GLOBAL - Sovereign wealth funds (SWFs) will shy away from direct investment in global infrastructure to avoid allegations of ‘political' investment, according to analysts at the McKinsey Global Institute, an economics thinktank.
In a study on ‘the new power brokers', McKinsey authors claim a 22% year-on-year increase in wealth and augmented clout accelerated by "evaporating liquidity and disappearing leverage" have encouraged bolder strategies from highly liquid investors. The brokers include not only SWFs but pension reserve funds such as Norway's US$380bn (€240bn) Government Pension Fund.
With few exceptions, the power brokers have capped their investments below 5% to avoid triggering disclosure, and have not sought board representation. "In strategic infrastructure projects, at this time it is unlikely that many countries - at least in the US and Europe - would allow it," said a source at the Institute. "The SWFs have not sought such projects." Instead, sovereign investors are looking to invest in private equity infrastructure funds.
However, recent high-profile recapitalisations of US financial institutions marked a departure from previous low-key investment tactics. In addition, the report distinguishes between ‘political' investors such as Hugo Chavez, who has used Venezuela's reserves to further the self-style ‘Bolivarian revolution', and those such as the Kuwait SWF that have signed up to IMF measures to improve transparency.

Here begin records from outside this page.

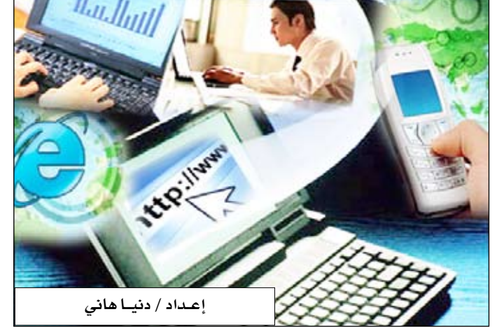
إعداد / دنيا هاني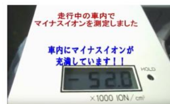
車内がーイオンで充満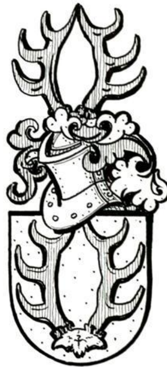
(22) von Lindern

(21) Kückens : Stedinger Geschlecht, das auch dem oldenburgischen Adel (1268) und der Bremer Bürgerschaft (1396) angehörte und seit 1498 auf dem Stammhof zu Hiddigwarden bei Berne nachweisbar ist. Albert Kückens begründete 1610 die Elsflether Linie.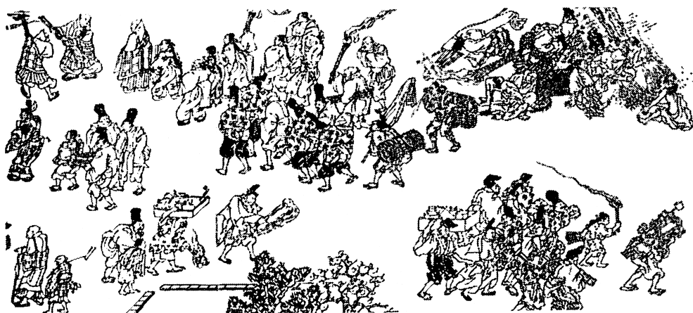
古代社会—平安時代の京都民衆の生活 京都朝廷の大極殿（後には清凉殿）で、毎年正月8日から14日まで、御齋會（ごさいえ）といつて、僧侶が、金光明最勝王經を講説して、國家の安寧をいのる儀式がある。天武天皇9年（681年）ごろからはじまり、奈良・平安時代には、もつとも盛んで、鎌倉時代からだんだん衰えていった。これはそのもつとも盛んな平安時代の御齋會の式場の外部のさまで、集つた京都の民衆が、夜のこととて、たいまつをかざしたり、焚火したりしながら、頭に物をいれたもろぶたを戴いたり、炭俵のような物を背負ったり、片肌ぬぎて火にあたったりするなど、いろいろな行動をとつている。（西岡虎之助『日本文学における生活史の研究』より転載）

る単純商品生産として運ばれていたものである。重要なことなので例をあげて説明してみよう。たとえば都市の成立についてある論者は経済的観点から規定して「商工業の所在にして外部より不斷の食料品移入を必要とする一地区」（小野晃嗣「近世都市の発達」〔岩波講座『日本歴史』所収、1934年〕）といっておられる 1) が、その点では「食料品」と共に必ず「薪炭材」をも付け加える必要があるだろう。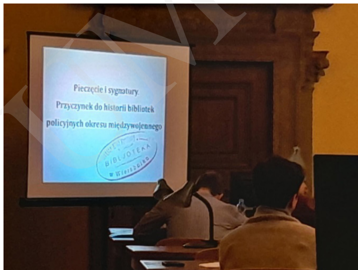
Fot. 10. Prezentacja jednego z wystąpień.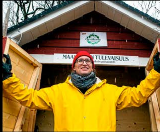
What society thinks I do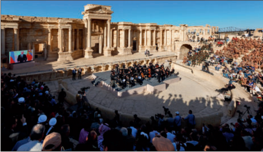
Освобожденная Пальмира. На концерте симфонического оркестра петербургского Мариинского театра под руководством народного артиста России Валерия Гергиева в Римском амфитеатре сирийской Пальмиры, освобожденной от террористов ИГИЛ.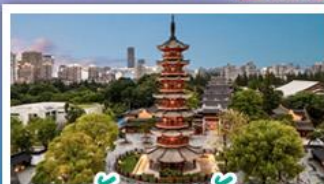
วัดเลงฮั่ว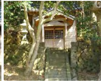
車野にある 三柱(みはしら)神社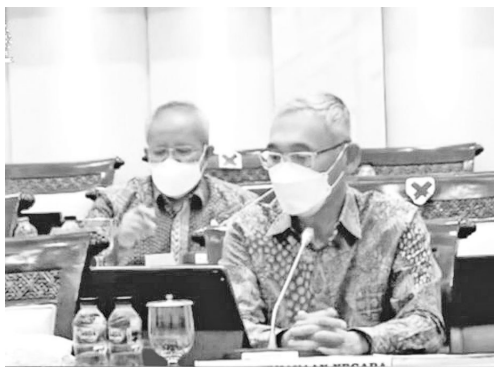
希拉坂于1月26日在第十一委员会听证会上披露财政部犯罪雇员的作案过程。

【本报讯】财政部国家财富总署证实,伪造央行援金(BLBI)土地抵押资产的雇员为1人,而不是11人。财政部国家财富局长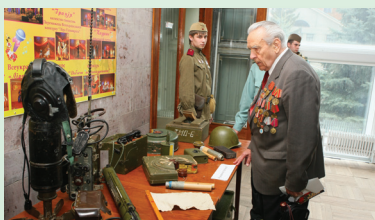
Знайомство з експозицією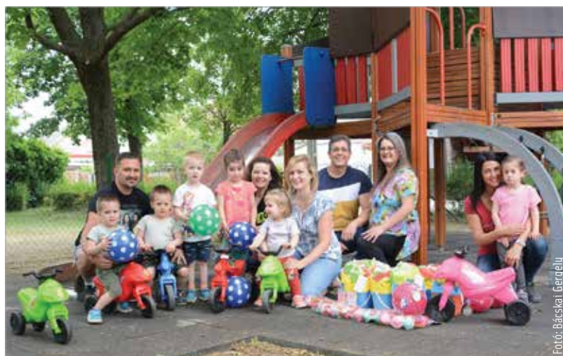
Ki tudna ellenállni egy színes kismotornak vagy labdának?

A városrész önkormányzati képviselője szerint a kisgyermek-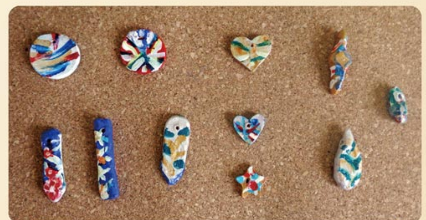
首飾り。実際に着用しています。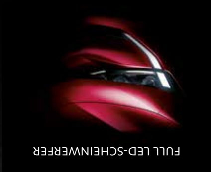
FULL LED-SCH EINWERFER

Die neue Lichtsignatur an der Frontpartie mit Full LED-Scheinwerfern und LED-Tagfahrlichtern verleiht dem Peugeot 508 einen ausdrucksstarken und exklusiven Auftritt.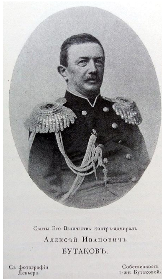
Рис. 2 Алексей Иванович Бутаков

Летом 1849 г. капитан-лейтенант Бутаков, со шхуны «Константин», изучил восточный и вторично южный берег Аральского моря, а прапорщик Поспелов со шхуны «Николай», - Восточный берег моря и пересохшие русла устья р. Кувандарьи. В том же году, при осмотре полуострова Куланды, открыты там прииски каменного угля, для исследования которых генерал-лейтенант Обручев, в январе 1850 г., ходатайствовал об отправлении на Аральское море от горного ведомства опытного штейгера и нескольких чернорабочих (Рис. 2).

Despite representing one of the few sources of liquidity, SWFs' hands-off status, meant to assuage concerns over potential political motives, contrasts with pension funds' more activist stance. "From an economic perspective, passive investors with very deep pockets may not be good for long-term corporate health," says the report. Compared with pension funds, which had US$28.1tn (€17.6tn) in assets under management at the end of 2007, Asian SWFs had US$4.6tn. Yet McKinsey analysts forecast SWFs could be 60% larger than pension funds in terms of assets under management by 2013.
"It is unclear how the passive investments versus the need for active oversight of management will play out. For now, the political concerns are clearly outweighing the potential long-term economic downside," said the source.